Billionaires François-Henri Pinault, president of investment company Groupe Artémis, and Bernard Arnault, chairman and CEO of luxury-goods conglomerate LVMH, have respectively promised donations of €100 million and €200m, kicking off a wave of corporate giving in response to Macron’s launch of a national subscription to rebuild Notre-Dame.
In addition to its controlling interest in luxury-goods group Kering (which owns Gucci, Yves St Laurent and the Stella McCartney fashion house), Pinault’s Artémis group is a major player in the French sports and entertainment business, owning the Stade Rennais football club, cruise ship operator Ponant, Paris creperie Breizh Café and the Red River West tech investment fund. It also formerly held a 25% stake in Fnac Darty and owned and operated the Marigny Theatre (1,024-cap.) in Paris.
LVMH (Louis Vuitton Möet Hennessy), meanwhile, is also a major investor in luxury goods, with subsidiaries including Dior, Louis Vuitton, Marc Jacobs, Givenchi and Hublot. Its entertainment holdings include hotel chain Cheval Blanc, radio station Radio Classique and private-equity firm L Catterton Asia, whose investments include K-pop powerhouse YG Entertainment (home to Coachella 2019 performers Blackpink).

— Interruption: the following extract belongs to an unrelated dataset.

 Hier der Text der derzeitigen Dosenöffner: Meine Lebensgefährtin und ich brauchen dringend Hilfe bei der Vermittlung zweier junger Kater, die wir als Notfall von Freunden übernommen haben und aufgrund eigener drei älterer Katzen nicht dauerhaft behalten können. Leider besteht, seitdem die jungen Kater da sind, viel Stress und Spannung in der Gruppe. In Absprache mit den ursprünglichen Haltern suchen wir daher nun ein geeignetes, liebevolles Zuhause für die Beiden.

“The partial destruction of Notre Dame is an unqualified tragedy”
“The Arnault family and the LVMH group, in solidarity with this national tragedy, are committed to assist with the reconstruction of this extraordinary cathedral, symbol of France, its heritage and its unity,” reads a statement from LVMH, which adds that “all its teams – including creative, architectural and financial specialists” are at the disposal of the state “to help with the long work of reconstruction and fundraising”.
Other donors include IT services firm Capgemini, which has promised €1m, property developer Groupe Duval, which has pledged an unspecified amount, and construction company Vinci, majority owner of the 80,000-cap. Stade de France, which has also given an undisclosed sum.

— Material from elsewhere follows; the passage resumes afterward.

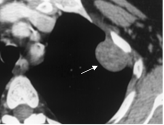 TAC axial. Imagen sólida en relación con el arco costal, que corresponde a neurofibroma.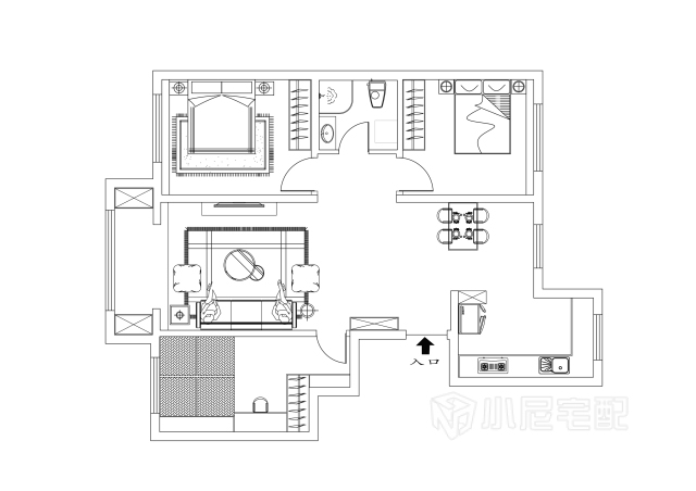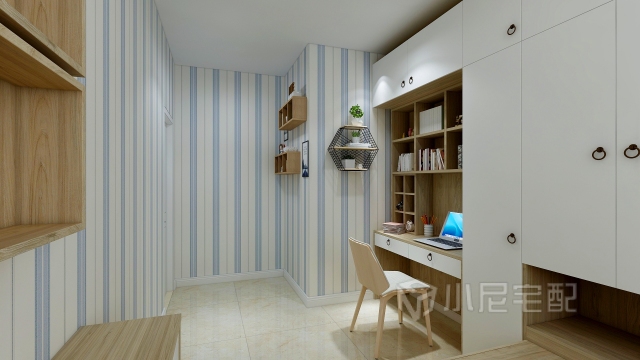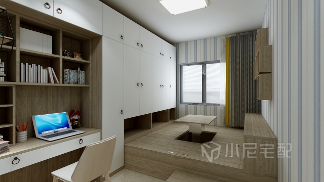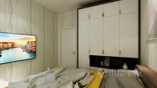 整體以白色和原木色為主,體現安逸、靜謐的空間

In a statement, Vinci suggested the French construction industry should “join forces to rebuild Notre-Dame in an industry wide skills sponsorship drive, possibly led by the Fondation du Patrimoine (French Heritage Foundation), so as to begin work and restore Paris’s cathedral as rapidly as possible.
“Vinci is naturally intent on contributing to the national fundraiser and asking its employees to do likewise, assisting Monuments Historiques architects when they assess the requirements, and taking part in the reconstruction if authorities deem its contribution useful.”
“The partial destruction of Notre-Dame is an unqualified tragedy,” the company adds. “The 13th-century wooden beams holding up the roof will never be replaced. But the part of Notre-Dame that has survived the fire must be safeguarded. Then, as the French president has announced, the cathedral must rise again.”
“We built this cathedral more than 800 years ago … we will rebuild it together”
No cause has yet been established for the fire that started just before 7pm local time yesterday (15 April) and ripped through Notre-Dame for more than 12 hours. According to Le Monde, the 13th-century Gothic cathedral’s spire and roof collapsed, and considerable damage was caused to the interior, upper walls and windows, as well as numerous works of art and its world-famous pipe organs.
According to the Independent, Notre-Dame is by far by the most-visited tourist attraction in France (itself the most popular tourist destination on Earth), and the disaster is expected to have a significant impact on visitor numbers in Paris.
Announcing the fundraising effort to restore the church to its former glory, Macron – standing in front of the still-burning building yesterday – told reporters: “What happened tonight in Paris, in this cathedral, is a terrible event. […] “Notre-Dame is our history, our literature, part of our psyche, the place of all our great events, our epidemics, our wars, our liberations – the epicentre of our lives.
“Notre-Dame is burning, and I know the sadness and this tremor felt by so many fellow French people. But tonight, I’d like to speak of hope too.
“Let’s be proud, because we built this cathedral more than 800 years ago, we’ve built it and, throughout the centuries, let it grow and improved it. So I solemnly say tonight: we will rebuild it together.”